Spätestens jetzt fühlt sich die Frau richtig schwanger. Im letzten Trimenon geht es vor allem um das Wachsen des Kindes und um die Vorbereitung auf die Geburt. Der Körperumfang der Mutter nimmt zu und das Baby verdrängt die Organe. Dadurch entsteht auch ein erhöhter Druck auf das Zwerchfell, der häufig zu einer Kurzatmigkeit führt.

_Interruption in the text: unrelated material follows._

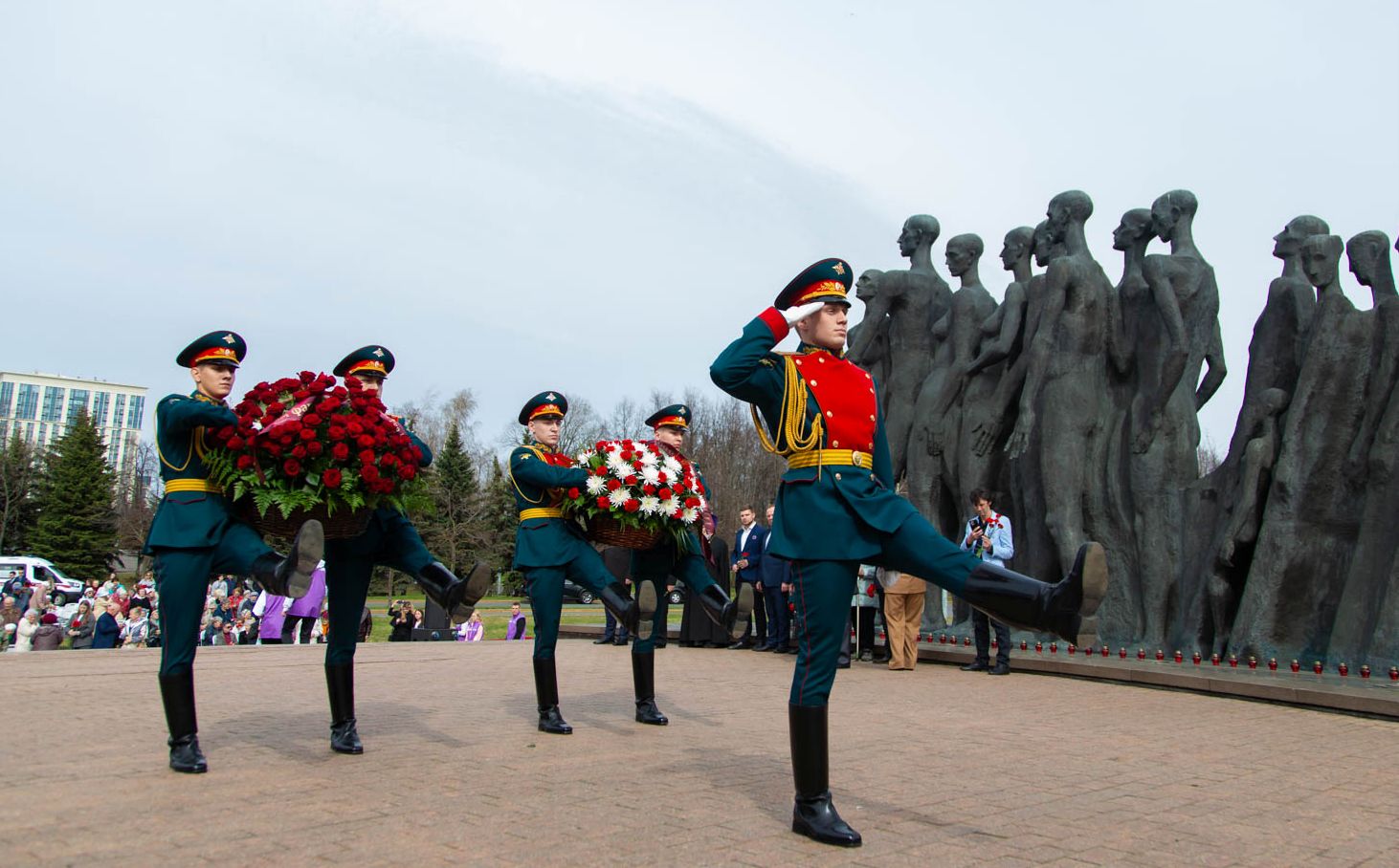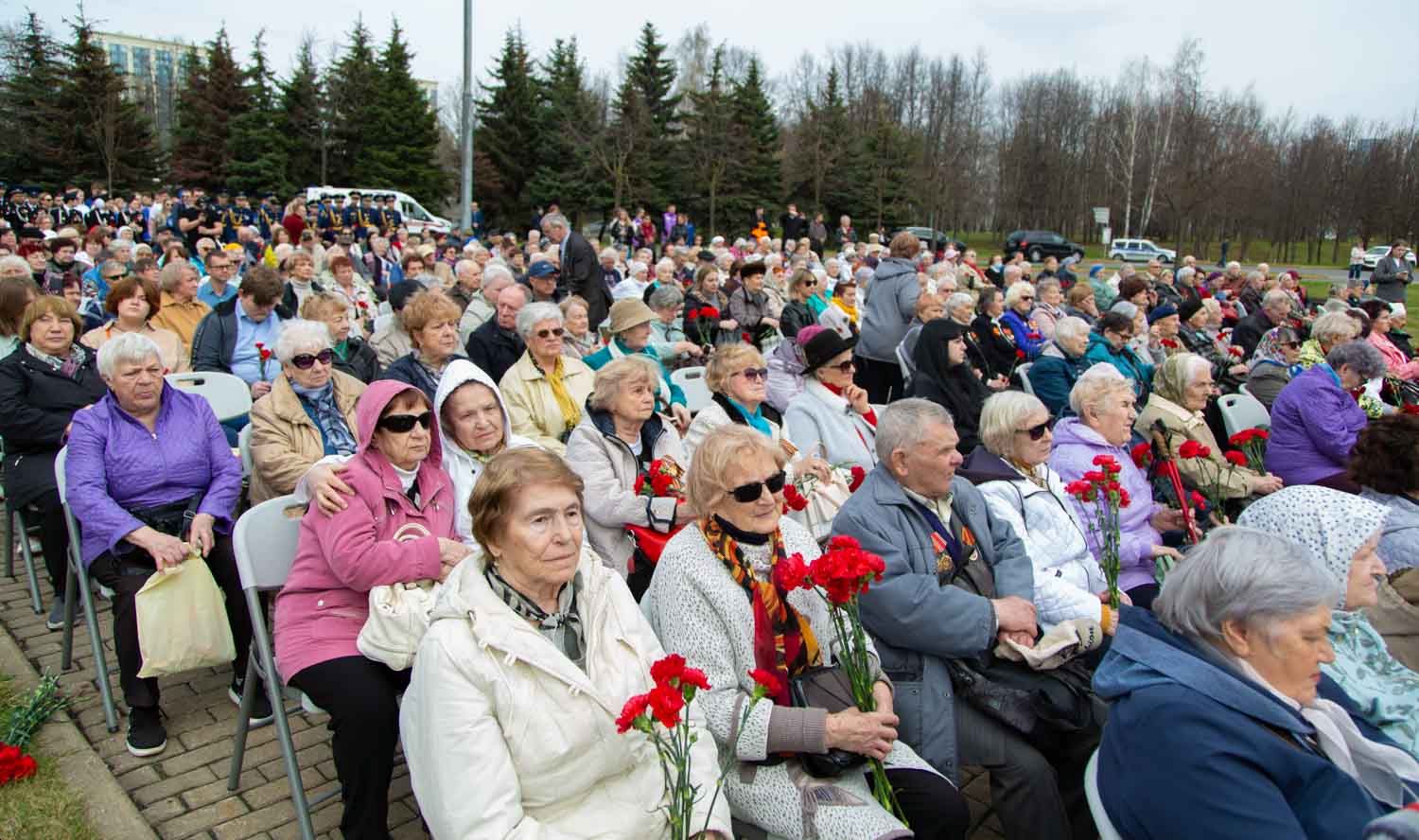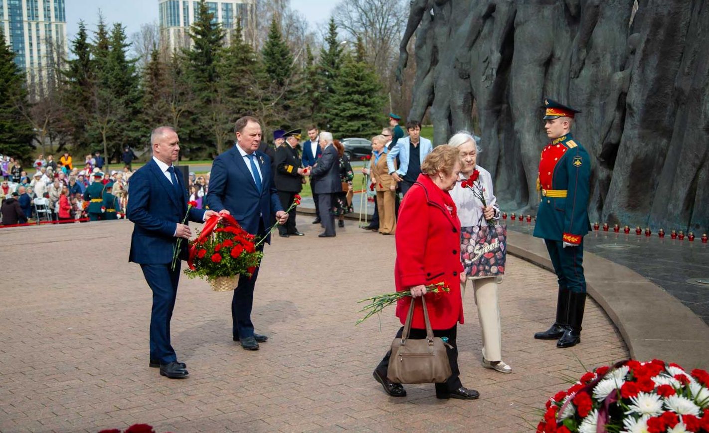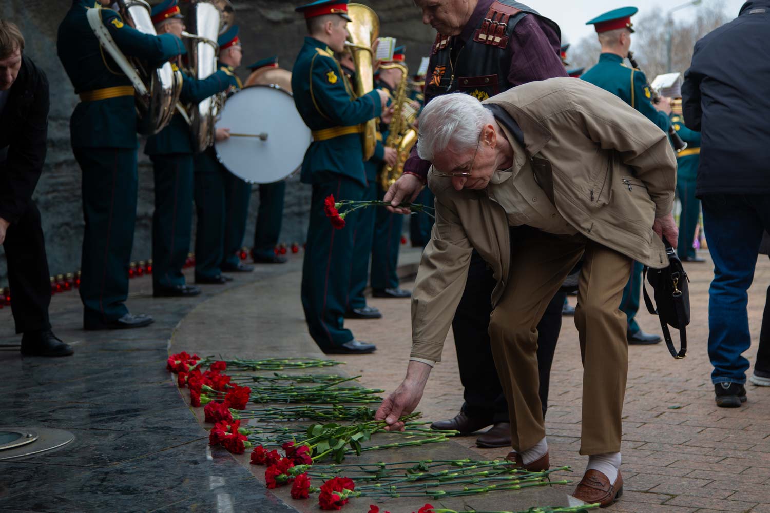 У монумента «Трагедия народов» на Поклонной горе собрались бывшие несовершеннолетние узники фашизма и их родственники, ветераны, представители органов власти и общественных организаций, кадеты, юнармейцы.
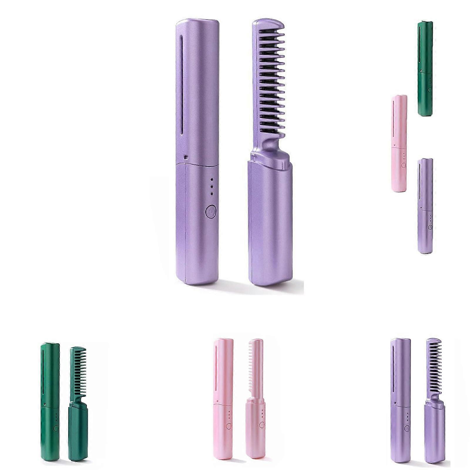 Cordless Rechargeable 2 in 1 Ceramic Hair Straightening Comb with Three Heat Settings Purple

Durch Veränderungen im gesamten Gewebe, unter anderem durch die sich nun verstärkenden Wassereinlagerungen des Körpers kommt es oft zu Kribbeln in den Händen und Füßen. Durch eine osteopathische ganzheitliche Behandlung wird versucht, zum einen das venös-lymphatische System zu entlasten und gleichzeitig die größtmögliche Beweglichkeit der Mutter auch im Hinblick auf die Geburt, zu erhalten. Das knöcherne Becken mitsamt seinen inneren Organen wird mobilisiert und so bestmöglich auf die Geburt vorbereitet.

Generelle Informationen 
Generell können monatliche Behandlungen in der Schwangerschaft hilfreich und sinnvoll sein. Unabhängig von den unterschiedlichen Schwerpunkten in den verschiedenen Phasen der Schwangerschaft, wird eine osteopathische Behandlung immer an die individuelle Situation der Mutter angepasst. Es gibt verschiedene Studien darüber, dass es weniger Komplikationen während der Geburt gibt, bei Frauen die in der Schwangerschaft osteopathisch begleitet wurden. Mögliche Anwendungsgebiete während der Schwangerschaft sind: Rückenschmerzen, Kurzatmigkeit, Verdauungsstörungen, Kribbelgefühl in den Extremitäten, Kopfschmerzen und vieles mehr.


Osteopathie nach der Geburt

Die Rückbildung des Gewebes wird mit unterschiedlichen osteopathischen Techniken unterstützt. Vor allem das Becken mit Kreuzbein und Schambein wird wieder in Harmonie gebracht. Oft kann schon eine einzige Behandlung nach der Geburt zu einer deutlichen Verbesserung innerhalb der Rückbildung und Umstellung des Beckenbodens führen. Wenn es während der Geburt zu einer PDA (Periduralanästhesie) gekommen ist, ist es sinnvoll die Lendenwirbelsäule und die Rückenmarkshäute zu behandeln. Andere Anwendungsgebiete sind lange Geburten, Symphysendehnungen, Vernarbungen bei Kaiserschnitt oder Stillprobleme.